* _Task objective_
Your task is to reproduce the listing exactly, without its images.

* _Dataset content_

%%

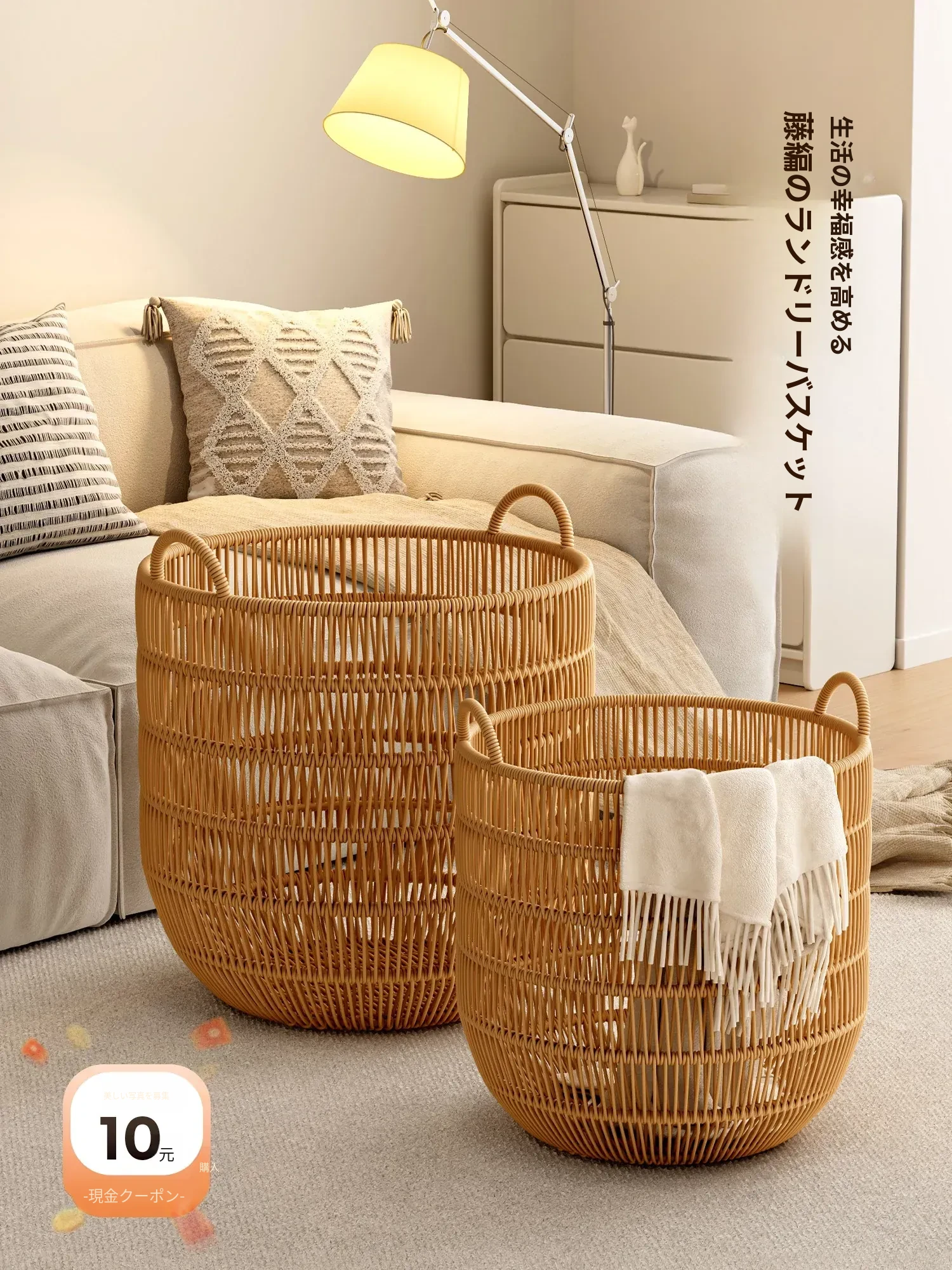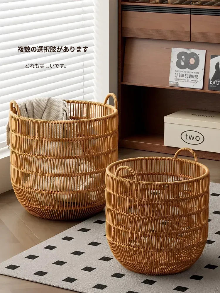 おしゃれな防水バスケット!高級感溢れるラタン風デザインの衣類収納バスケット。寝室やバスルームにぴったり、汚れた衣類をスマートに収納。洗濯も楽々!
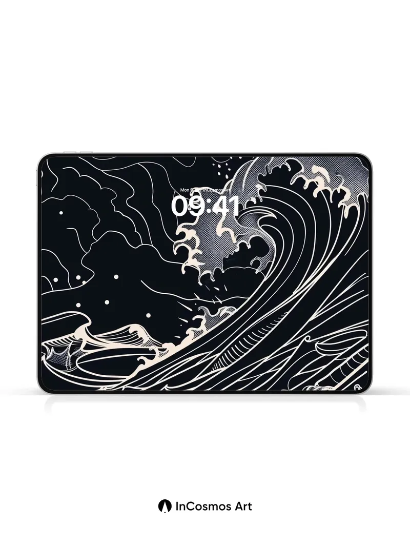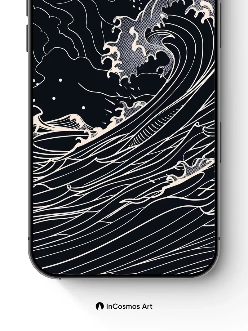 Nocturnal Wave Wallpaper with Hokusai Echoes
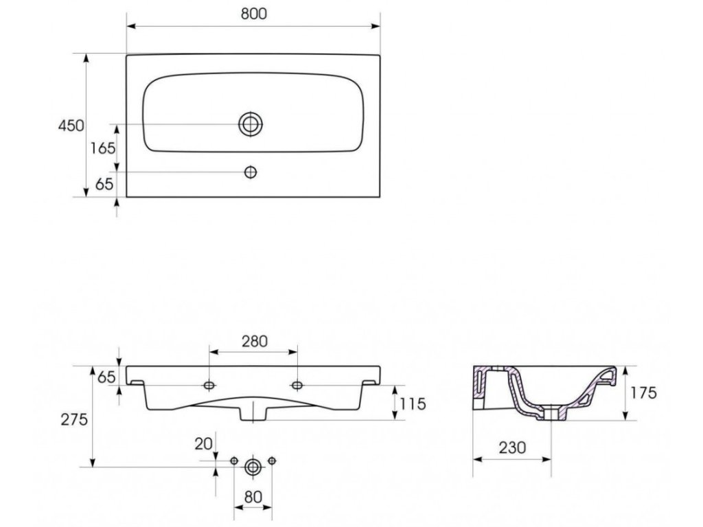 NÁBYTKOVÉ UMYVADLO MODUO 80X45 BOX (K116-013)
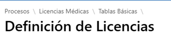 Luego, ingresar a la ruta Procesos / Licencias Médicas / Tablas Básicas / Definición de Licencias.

%%

* _Result of the exercise_
 おしゃれな防水バスケット!高級感溢れるラタン風デザインの衣類収納バスケット。寝室やバスルームにぴったり、汚れた衣類をスマートに収納。洗濯も楽々!
 Nocturnal Wave Wallpaper with Hokusai Echoes
 NÁBYTKOVÉ UMYVADLO MODUO 80X45 BOX (K116-013)
 Luego, ingresar a la ruta Procesos / Licencias Médicas / Tablas Básicas / Definición de Licencias.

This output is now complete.